→ Recorded data
::::::::

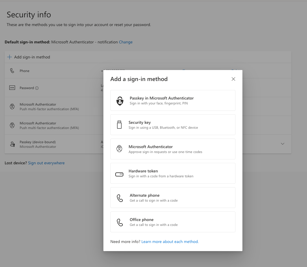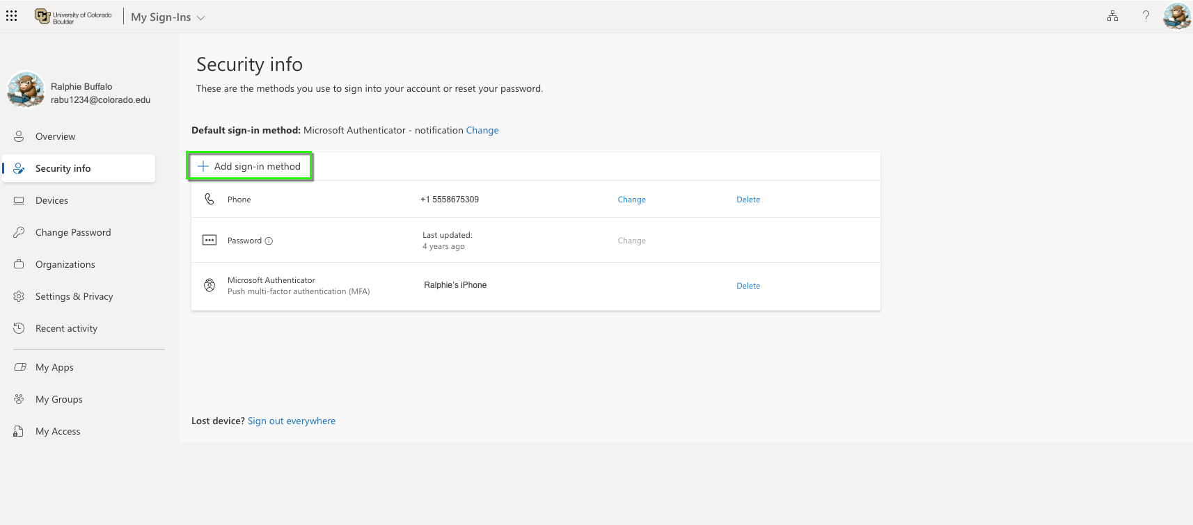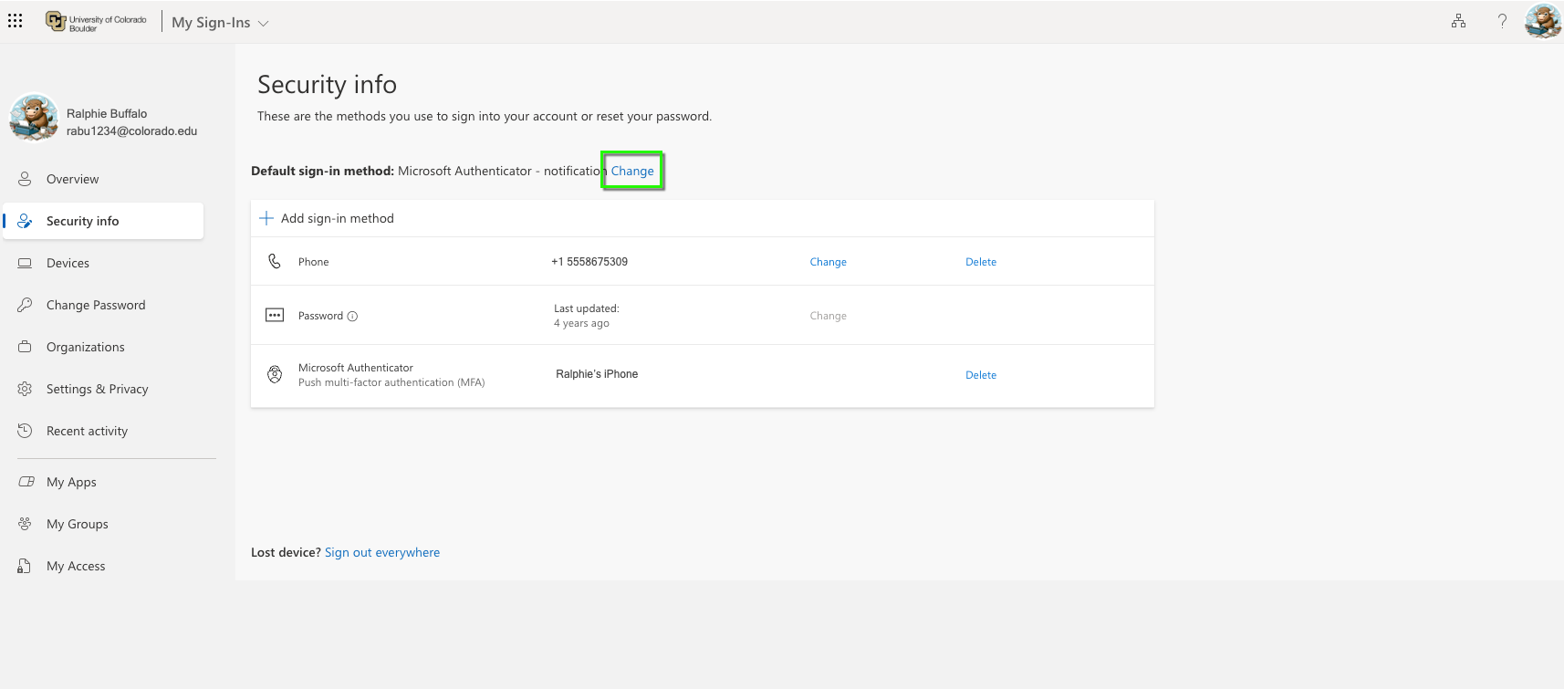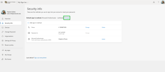 The security info screen will show your default sign-in method and list all authentication methods currently connected to your account. If you followed our Register and Set Up Microsoft Authenticator App tutorial, you will have the Microsoft Authenticator app set as your default method (as shown in screenshot). If you chose another method during set up, it will be shown here.
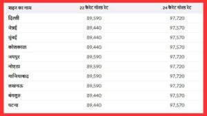 न्यूज़ डेस्क। पिछले कुछ दिनों से सोने के भाव (Gold Rate) में लगातार गिरावट देखने को मिली है। जो अब ताजा भाव सामने आया है, वो सोने खरीददारों के लिए खुशख़बरी जैसा है। दिल्ली से लेकर मुंबई जैसे बड़े शहरों में 10 ग्राम 24 कैरेट सोने का भाव 97,500 रुपए और 22 कैरेट का सोने का 89,400 रुपए के ऊपर ही बना हुआ है। सोने के भाव में गिरावट तो वहीं चांदी नए पीक पर कारोबार कर रही है। चांदी 1,09,000 रुपए प्रति किलोग्राम पर कारोबार कर रही है।
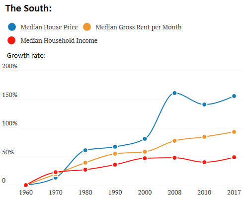 In the South – Alabama, Arkansas, Delaware, D.C., Florida, Georgia, Kentucky, Louisiana, Maryland, Mississippi, North Carolina, Oklahoma, South Carolina, Tennessee, Texas, Virginia, and West Virginia – house prices rose 156% since 1960, and rents 93%, while household incomes rose only 49%, all adjusted for inflation.
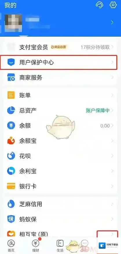 1、在支付宝我的页面点击“用户保护中心”。

::::::::

→ Problem requirements
When copying the listing, skip the pictures and keep each line exactly as written.

→ Worked solution
 The security info screen will show your default sign-in method and list all authentication methods currently connected to your account. If you followed our Register and Set Up Microsoft Authenticator App tutorial, you will have the Microsoft Authenticator app set as your default method (as shown in screenshot). If you chose another method during set up, it will be shown here.
 न्यूज़ डेस्क। पिछले कुछ दिनों से सोने के भाव (Gold Rate) में लगातार गिरावट देखने को मिली है। जो अब ताजा भाव सामने आया है, वो सोने खरीददारों के लिए खुशख़बरी जैसा है। दिल्ली से लेकर मुंबई जैसे बड़े शहरों में 10 ग्राम 24 कैरेट सोने का भाव 97,500 रुपए और 22 कैरेट का सोने का 89,400 रुपए के ऊपर ही बना हुआ है। सोने के भाव में गिरावट तो वहीं चांदी नए पीक पर कारोबार कर रही है। चांदी 1,09,000 रुपए प्रति किलोग्राम पर कारोबार कर रही है।
 In the South – Alabama, Arkansas, Delaware, D.C., Florida, Georgia, Kentucky, Louisiana, Maryland, Mississippi, North Carolina, Oklahoma, South Carolina, Tennessee, Texas, Virginia, and West Virginia – house prices rose 156% since 1960, and rents 93%, while household incomes rose only 49%, all adjusted for inflation.
 1、在支付宝我的页面点击“用户保护中心”。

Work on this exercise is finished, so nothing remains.